That's the thing. I don't even want to use an app to log in. There's no reason it can't be a full browser experience.


Every year filling my taxes reminds me how lobbyists representing firms like Intuit (TurboTax) have gone out of their way to make tax filing a free service of the IRS. I don’t know why we allow this to continue in the US.


>I don’t know why we allow this to continue in the US.

It makes me wonder who "we" are in terms of controlling policy and direction in the country. It also makes me wonder what the motives are of the "we" if it's really inclusive of your typical voter and not a small subset of self-interested parties, many of which may not even be people.


Call me crazy but I think it's a bad idea to do your taxes this early. I've gotten so many amended forms over the years that eat up so much time filing amended returns that I wait until the last minute now.


Flip side is identity thieves do your taxes early for you and get your refund.


Now that I think about it that’s probably what a phone call I recently received because I “signed up for increased life insurance” was all about.

Dude insisted I was the one who initiated the contact and probably expected me to give personal information to correct the “mistake” or, at the very least, to figure out who is plotting my death.

Guess I’m getting old enough that the scammers think I’m an easy mark.


It is so easy to avoid this by simply opting in to the IP PIN (identity protection) from IRS, then no one else can successfully file a return under your name.


Happened to me. Then a few years later they used my kid’s ssn. So now we all have pins.


This is probably not quite the right time of year for this post. I see:

Fillable Forms is closed for the year

November 17 was the last day to access accounts, make changes, print or resubmit a rejected return. After November 17, 2022, you will not have access to your Free File Fillable Forms account and your 2021 federal tax return.

I would suspect that it will open in this next month or so. Does anybody use free file (https://www.irs.gov/filing/free-file-do-your-federal-taxes-f...)? If so, what do they think of it? Why is it better than just sending postal mail (which one has always been able to file for free)? From a security point of view, is it better to send postal mail or have to worry about hackers and filing over the net?

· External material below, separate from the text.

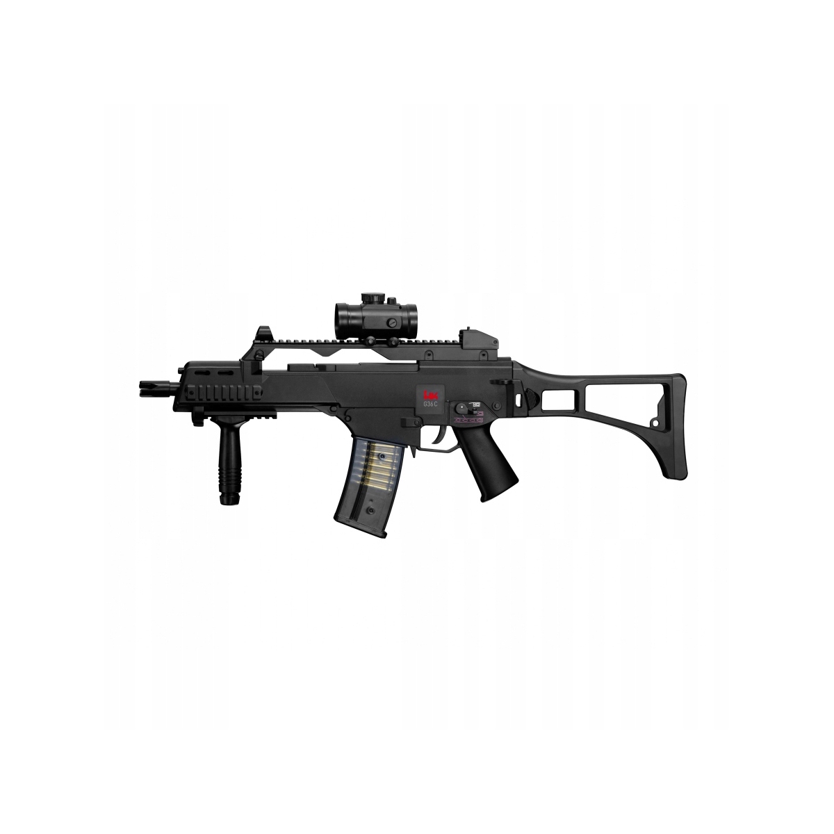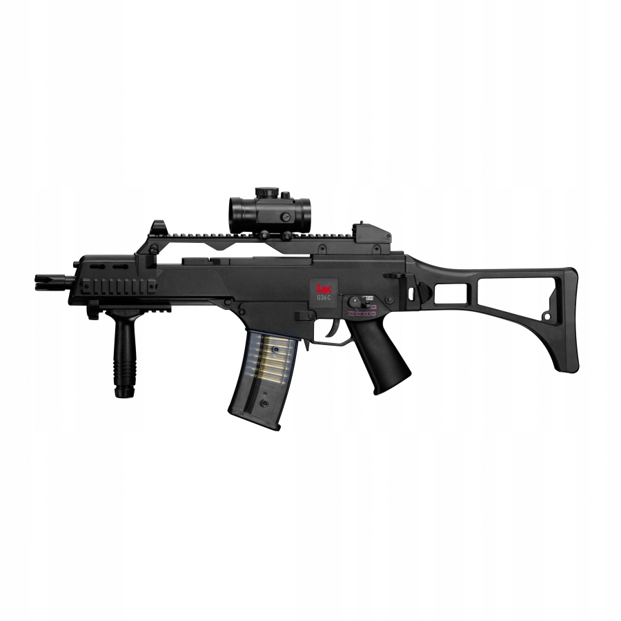 Heckler & Koch G36 C to elektryczna replika asg niemieckiego karabinka szturmowego przeznaczona dla początkujących graczy, wyposażona m.in w celownik kolimatorowy, chwyt przedni oraz atrapę tłumika dźwięku.
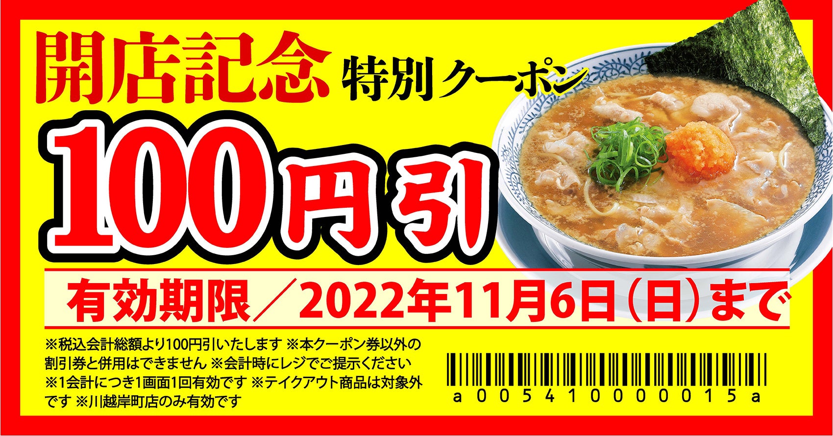 株式会社物語コーポレーション(本社:愛知県豊橋市/代表取締役社長:加藤 央之)が運営する『丸源ラーメン』は、2022年10⽉28日(金)に、全国184店舗目となる『丸源ラーメン 川越岸町店』(埼玉県川越市)をグランドオープンいたします。オープン記念として、2022年11⽉6⽇(日)まで『丸源ラーメン 川越岸町店』のみでご利⽤いただける100円引クーポンを配布します。

Also, note that there is open source software that might work for some people (depends on state and forms needed)? I found:

https://opentaxsolver.sourceforge.net/

Is there other opensource software?


Why do I even have to do anything? Just take it from my paycheck directly


The IRS is not actually a godly being that has omniscient knowledge of every transaction that ever goes on and in the future.

How is the IRS supposed to figure out how much money to take away from your W2 when you could get a billion dollar windfall at the end of the year and massively change tax bracket?


> The IRS is not actually a godly being that has omniscient knowledge of every transaction that ever goes on and in the future.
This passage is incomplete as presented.